Suppose that a meter stick is balanced at its center. A 0.27-kg is positioned at 18 cm from the left end of the meter stick. Where should a 0.28 kg mass be placed to balance the 0.27 kg mass? Express your answer in terms of the position (in cm) of the 0.28-kg mass as measured from the left end of the meter stick.
Compute the total torque about the center due to the two forces. Mass m1 is 50-18 = 32 cm from the center. If x is the distance of mass m2 from the left end, then it is x-50 to the right of the center pivot. Set the total torque equal to zero and solve for x.
-0.27g*(50-18) + 0.28g(x-50) = 0
You can factor out the g.
0.27*32 = 0.28*(x-50)
Now, we will solve for x:
0.27*32 = 0.28*(x-50)
8.64 = 0.28x - 14
8.64 + 14 = 0.28x
22.64 = 0.28x
Divide both sides by 0.28:
x ≈ 80.86 cm
So the 0.28 kg mass should be placed approximately 80.86 cm from the left end of the meter stick to balance the 0.27 kg mass.
To solve for x, let's first simplify the equation:
0.27 * 32 = 0.28 * (x - 50)
Now, let's perform the calculations:
8.64 = 0.28x - 14
Next, let's isolate the variable x by bringing the constant term to the right side:
0.28x = 8.64 + 14
0.28x = 22.64
Finally, divide both sides of the equation by 0.28 to solve for x:
x = 22.64 / 0.28
x ≈ 80.86 cm
Therefore, the 0.28 kg mass should be placed approximately 80.86 cm from the left end of the meter stick in order to balance the 0.27 kg mass.
To solve the problem, you need to compute the total torque about the center due to the two masses.
First, calculate the torque due to the 0.27 kg mass. The mass is positioned 18 cm from the left end of the meter stick. Since the center is the pivot point, the distance from the center to this mass is 50 cm - 18 cm = 32 cm.

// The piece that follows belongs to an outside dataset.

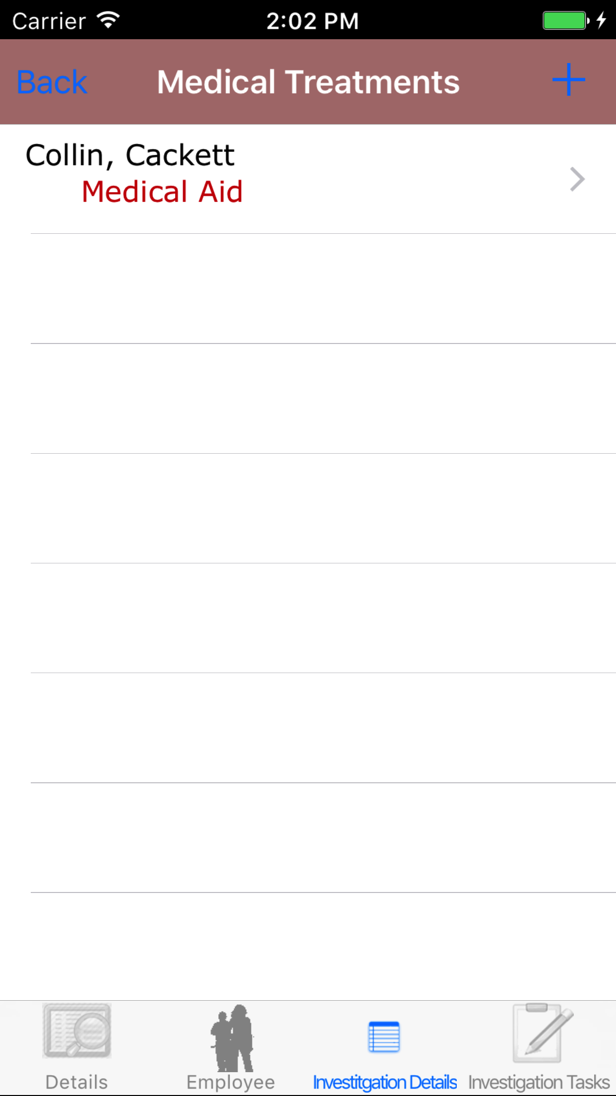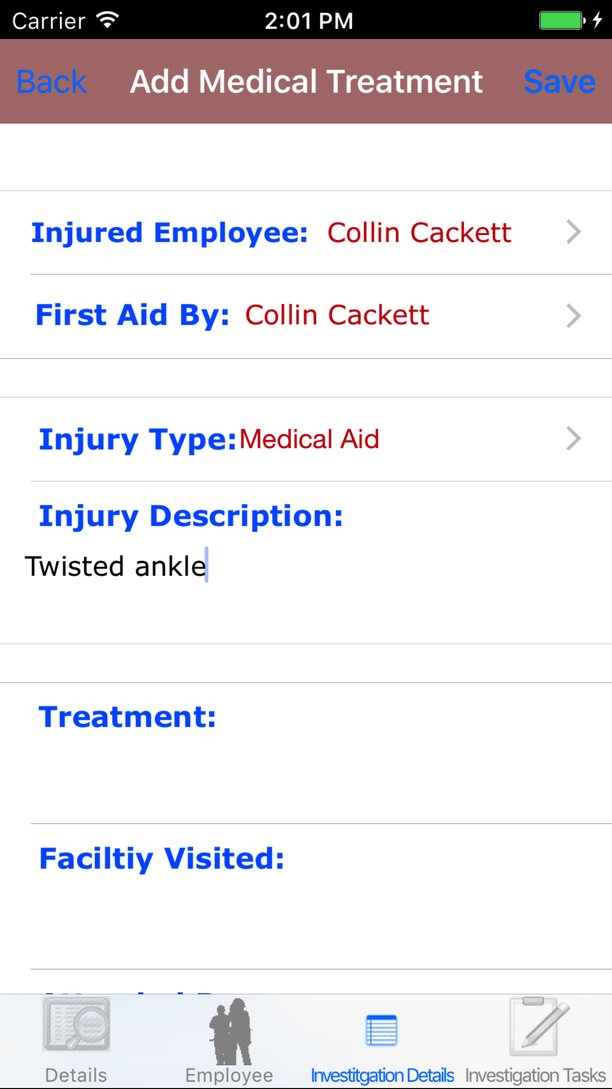 - Return to the Edit Medical Treatment screen by either tapping Save in the top right corner to select the highlighted employee or tapping Cancel in the top left corner to leave the Employee field unchanged.

The torque due to the 0.27 kg mass is given by:
Torque1 = 0.27 kg * g * (50 cm - 18 cm)
Next, consider the 0.28 kg mass that needs to be placed to balance the system. Let x be the distance of this mass from the left end of the meter stick. It is x cm to the right of the center pivot.
The torque due to the 0.28 kg mass is given by:
Torque2 = 0.28 kg * g * (x cm - 50 cm)
The total torque about the center is the sum of Torque1 and Torque2. Since the system is balanced, the total torque should be zero.
Setting the total torque equal to zero, we have:
0.27 kg * g * (50 cm - 18 cm) + 0.28 kg * g * (x cm - 50 cm) = 0
You can now solve this equation for x.
You can factor out g from both terms on the left-hand side of the equation:
0.27 * 32 cm = 0.28 * (x cm - 50 cm)
Simplifying the equation, we get:
8.64 cm = 0.28 * (x cm - 50 cm)
Now, solve for x by dividing both sides of the equation by 0.28:
8.64 cm / 0.28 = x cm - 50 cm
Finally, add 50 cm to both sides of the equation to isolate x:
x cm = 8.64 cm / 0.28 + 50 cm
Evaluate the expression on the right-hand side to find the position of the 0.28 kg mass as measured from the left end of the meter stick.